• **Work instructions**:
Copy out the full listing below as it stands, with its pictures left behind.

• **Material provided**:
+---+

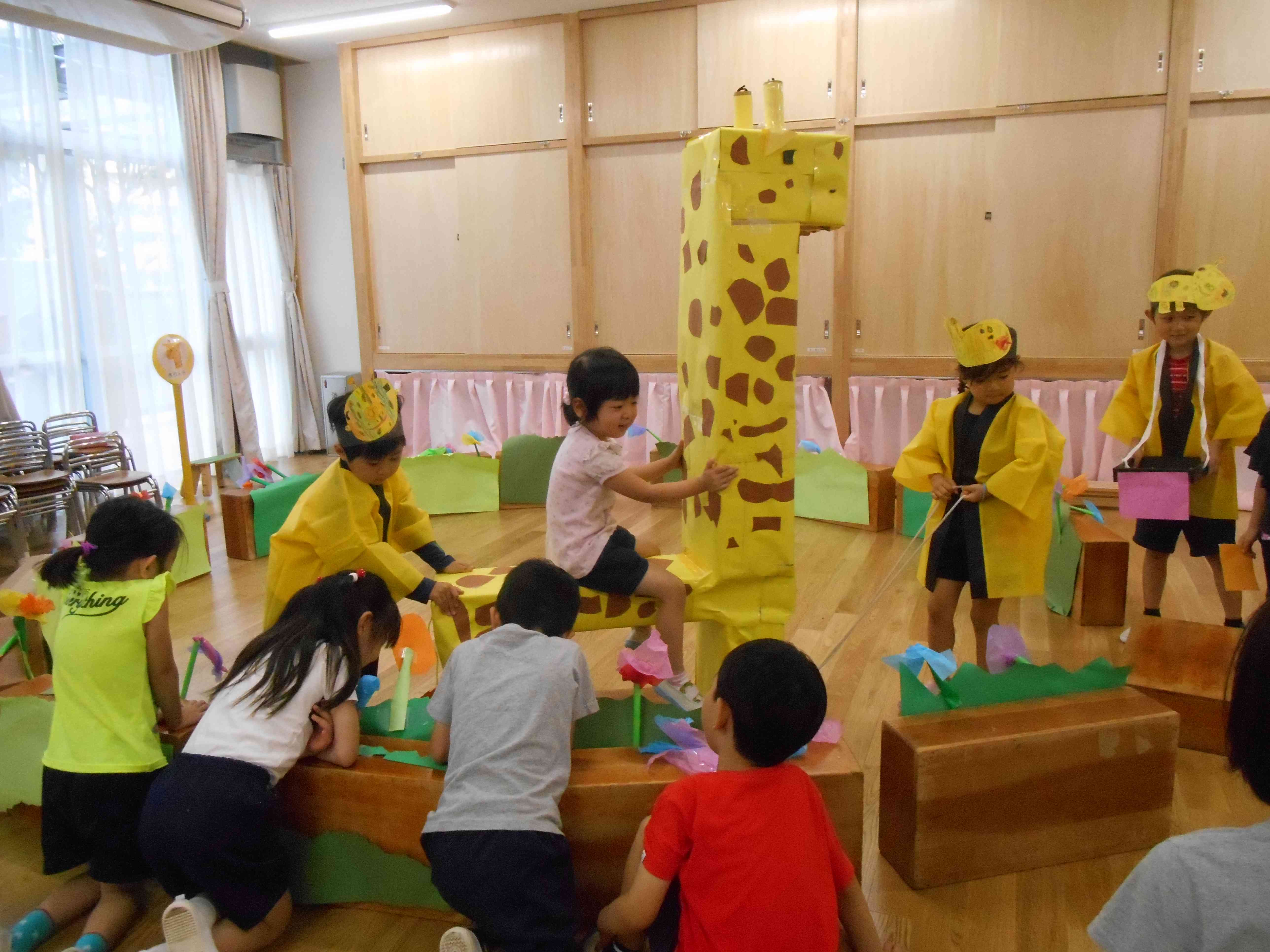 7月12日(金)になでしこ祭りが行われました。 年長組がお店を出したり、地域の方と一緒に盆踊りを楽しんだりしました。
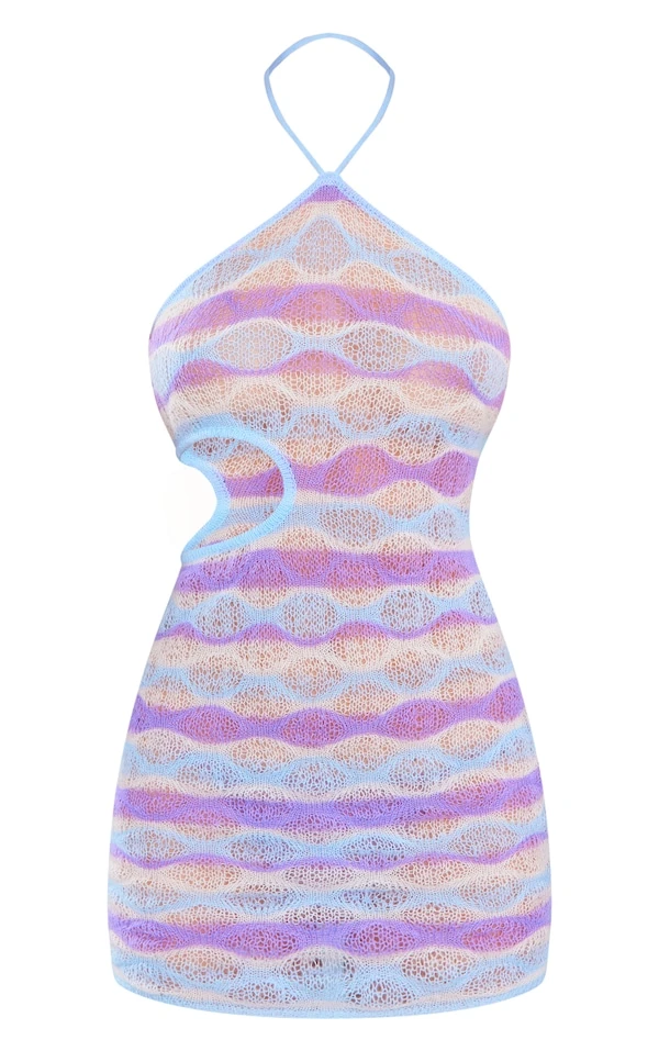Robe bleu ciel en maille tricot ajourée à vagues et découpes
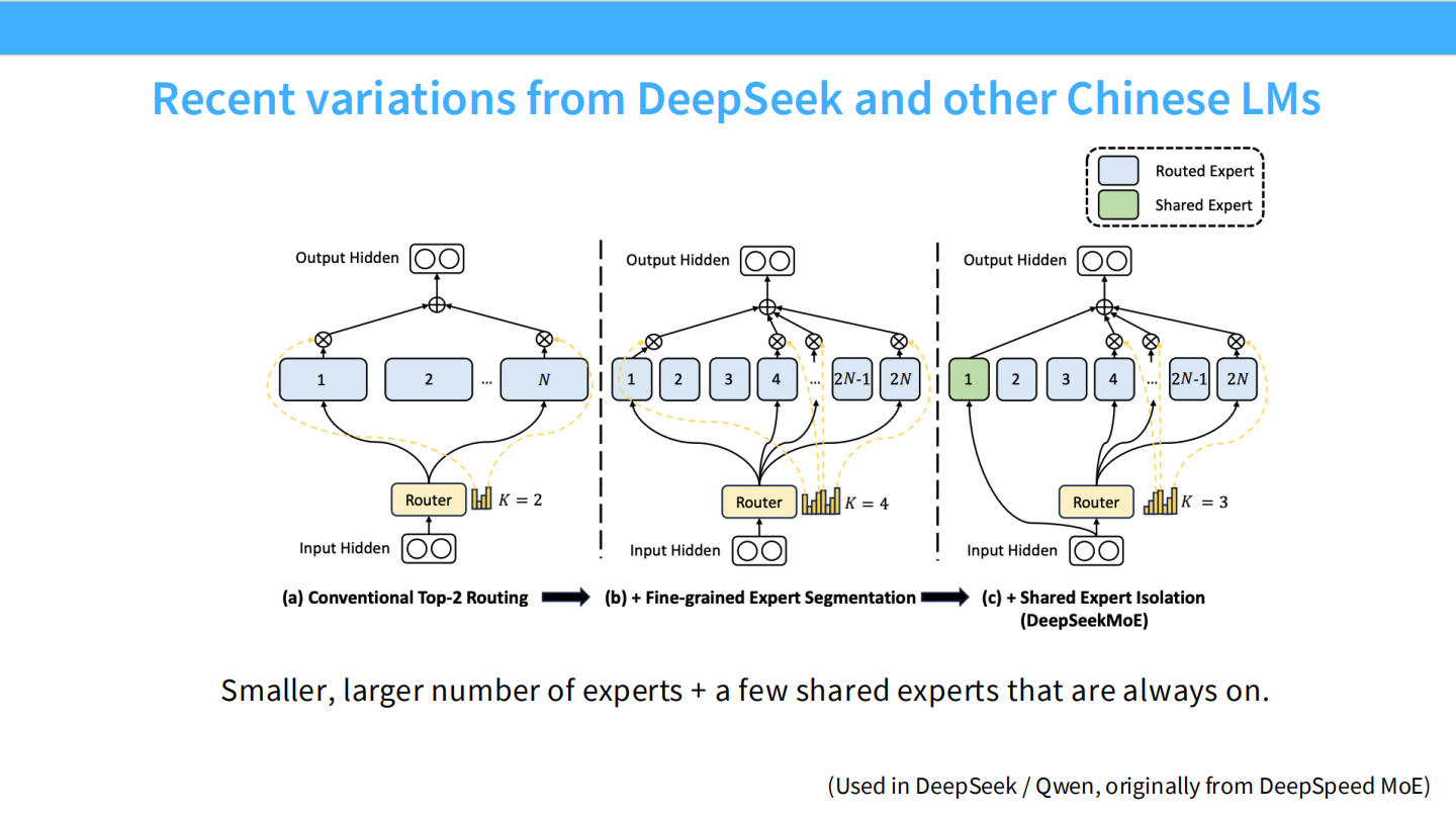 - Expert sizes (专家规模): 专家是做大做少(Mixtral: 8个大专家),还是做小做多(DeepSeek: 256个小专家)?
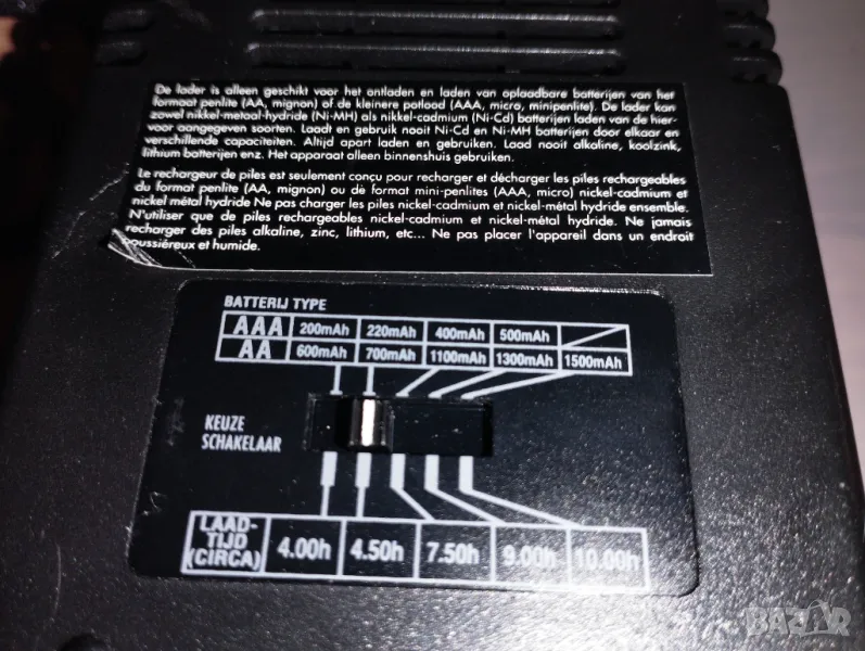 Зарядно за NiMH батерии размери AA и AAA. Ръчен избор на капацитета на батврията и времето на зареждане. Работи безупречно. Качествен уред от по-старо поколение, вече не ги правят така. :)

+---+

• **Your solution**:
 7月12日(金)になでしこ祭りが行われました。 年長組がお店を出したり、地域の方と一緒に盆踊りを楽しんだりしました。
Robe bleu ciel en maille tricot ajourée à vagues et découpes
 - Expert sizes (专家规模): 专家是做大做少(Mixtral: 8个大专家),还是做小做多(DeepSeek: 256个小专家)?
 Зарядно за NiMH батерии размери AA и AAA. Ръчен избор на капацитета на батврията и времето на зареждане. Работи безупречно. Качествен уред от по-старо поколение, вече не ги правят така. :)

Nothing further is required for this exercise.